__WHAT THE EXERCISE ASKS__: Skip the pictures and restate, word for word, the lines from the one containing "Great living on" to the end of the data below.

== MATERIAL PROVIDED ==

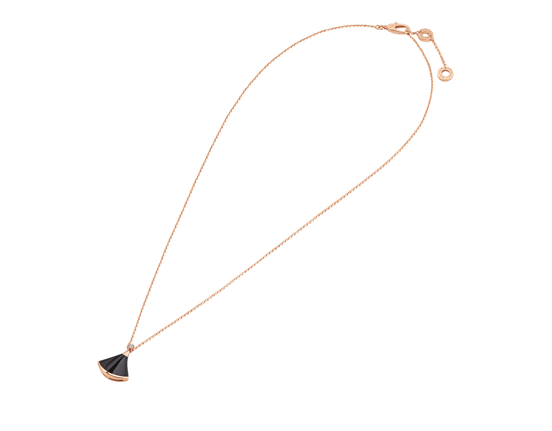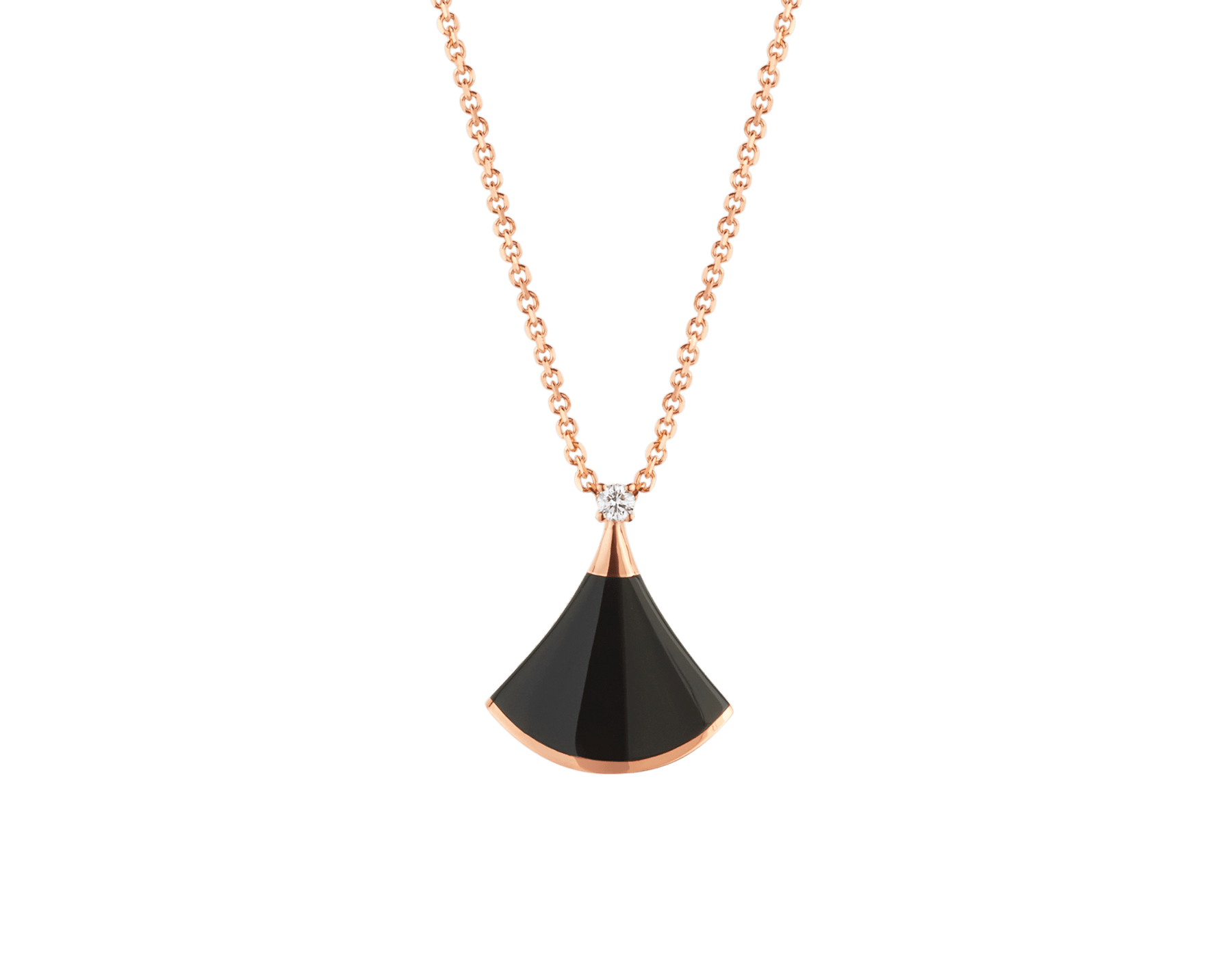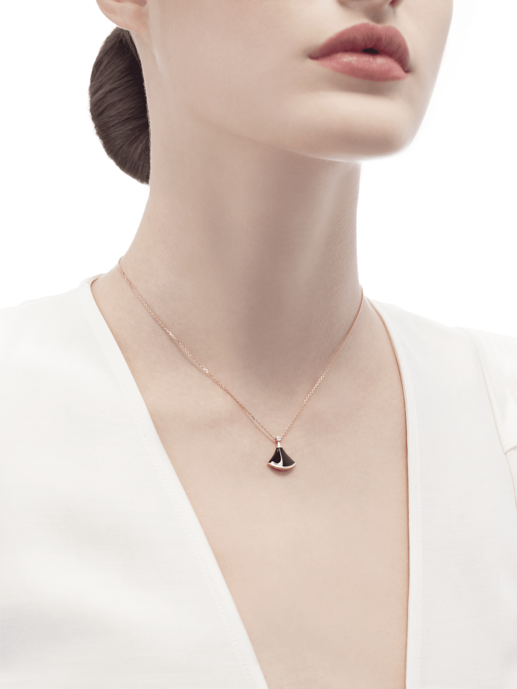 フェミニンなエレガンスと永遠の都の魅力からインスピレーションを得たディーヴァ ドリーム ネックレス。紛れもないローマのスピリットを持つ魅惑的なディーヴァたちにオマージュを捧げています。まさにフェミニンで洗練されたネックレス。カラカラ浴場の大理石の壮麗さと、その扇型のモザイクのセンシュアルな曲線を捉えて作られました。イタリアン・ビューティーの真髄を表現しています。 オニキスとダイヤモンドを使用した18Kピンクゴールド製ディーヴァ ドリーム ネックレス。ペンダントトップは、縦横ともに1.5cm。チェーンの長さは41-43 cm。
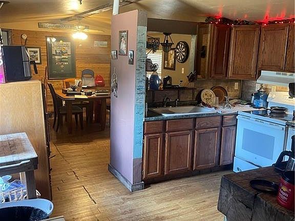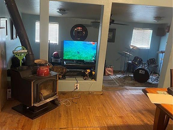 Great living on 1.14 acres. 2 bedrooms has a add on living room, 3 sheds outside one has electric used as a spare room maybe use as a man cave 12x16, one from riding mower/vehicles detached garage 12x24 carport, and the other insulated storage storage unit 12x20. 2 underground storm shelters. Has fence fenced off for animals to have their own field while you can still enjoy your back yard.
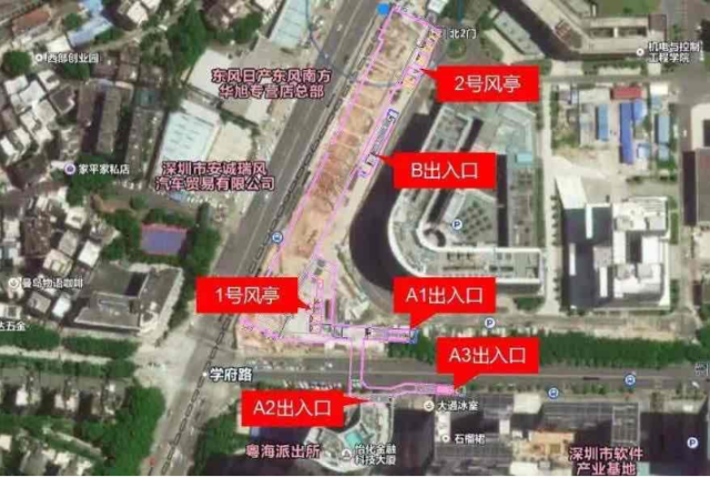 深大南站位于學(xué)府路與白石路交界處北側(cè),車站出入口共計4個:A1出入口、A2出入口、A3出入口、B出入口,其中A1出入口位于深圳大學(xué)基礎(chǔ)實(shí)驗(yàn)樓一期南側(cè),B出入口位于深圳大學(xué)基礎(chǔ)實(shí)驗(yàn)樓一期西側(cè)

===

__SOLVED PROBLEM__:
 Great living on 1.14 acres. 2 bedrooms has a add on living room, 3 sheds outside one has electric used as a spare room maybe use as a man cave 12x16, one from riding mower/vehicles detached garage 12x24 carport, and the other insulated storage storage unit 12x20. 2 underground storm shelters. Has fence fenced off for animals to have their own field while you can still enjoy your back yard.
 深大南站位于學(xué)府路與白石路交界處北側(cè),車站出入口共計4個:A1出入口、A2出入口、A3出入口、B出入口,其中A1出入口位于深圳大學(xué)基礎(chǔ)實(shí)驗(yàn)樓一期南側(cè),B出入口位于深圳大學(xué)基礎(chǔ)實(shí)驗(yàn)樓一期西側(cè)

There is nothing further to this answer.